I am really sorry to say this and I know nobody is perfect, but that bloody Kitten so so hideous and so bloody annoying :? .


----------



## raven (May 7, 2002)

Well, I stand by my comment that it is fucking good this year. I have even been recording episodes if I've been out. You miserable lot.


----------



## Dotti (Mar 9, 2003)

Oh don't get me wrong Raven I think BB is great but this year it is taking me a little time to settle into it :wink: .

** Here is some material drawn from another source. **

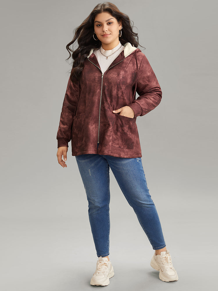 Shop Tie Dye Patchwork Fluffy Zipper Hooded Jacket now and redefine your style with confidence at BloomChic. Tailored for mid and plus-size women. This trendy Outerwear Women, sizes 10-30. Season:Winter;Color:Scarlet;Style:Casual;Pattern Type:Tie Dye;Details:Pocket, Zipper, Contrast, Drawstring, Patchwork, Lined;Pocket:It is perfectly sized to carry a phone.;Belt:No-belt;Closure Type:Zipper;Lining:Lining

I wonder who will be the first to go :roll:


----------



## raven (May 7, 2002)

^Abi^ said:


> Oh don't get me wrong Raven I think BB is great but this year it is taking me a little time to settle into it :wink: .
> 
> I wonder who will be the first to go :roll:


Actually Abi, it wasn't so directed at you! As for who will be first out, I suppose it depends on whether it's picked by BB or by the housemates. I think they might make an example of someone and blame it on Kitten. Either way, I agree with you about how annoying she is. I can't believe that some of them indulge her by saying that they admire her!


----------



## L8_0RGY (Sep 12, 2003)

^Abi^ said:


> I am really sorry to say this and I know nobody is perfect, but that bloody Kitten so so hideous and so bloody annoying :? .


I'm so glad she's out.

I was LMAO when she was in the Diary Room crying & saying that no one liked her.

Hmmm, i wonder why that was/is.

She didn't help matters but swearing at the journalists and sticking her fingers up and repeating over and over again "This is for the monarchy, this is for the aristocrats".

Davina did a good thing is showing clips from the BB house in which (i think) every housemate slagged her off.

Victor's comment was classic which went along the lines off "I hate this cat, and as i am on vet duty, i'm going to put her down first"

:lol:

Let's hope she doesn't now sell her story which will be a big yawn.


----------



## vlastan (May 6, 2002)

I don't follow it and never did. But yesterday I watched for 5 mins in between channels and it was when two girls had a snog (exchanging some food) which was yummy and then one man picked up some chocolate with his mouth from another man's bottom cheeks (disgusting bastards)


----------



## kingcutter (Aug 1, 2003)

are you sure it was chocolate :?


----------



## L8_0RGY (Sep 12, 2003)

vlastan said:


> then one man picked up some chocolate with his mouth from another man's bottom cheeks (disgusting bastards)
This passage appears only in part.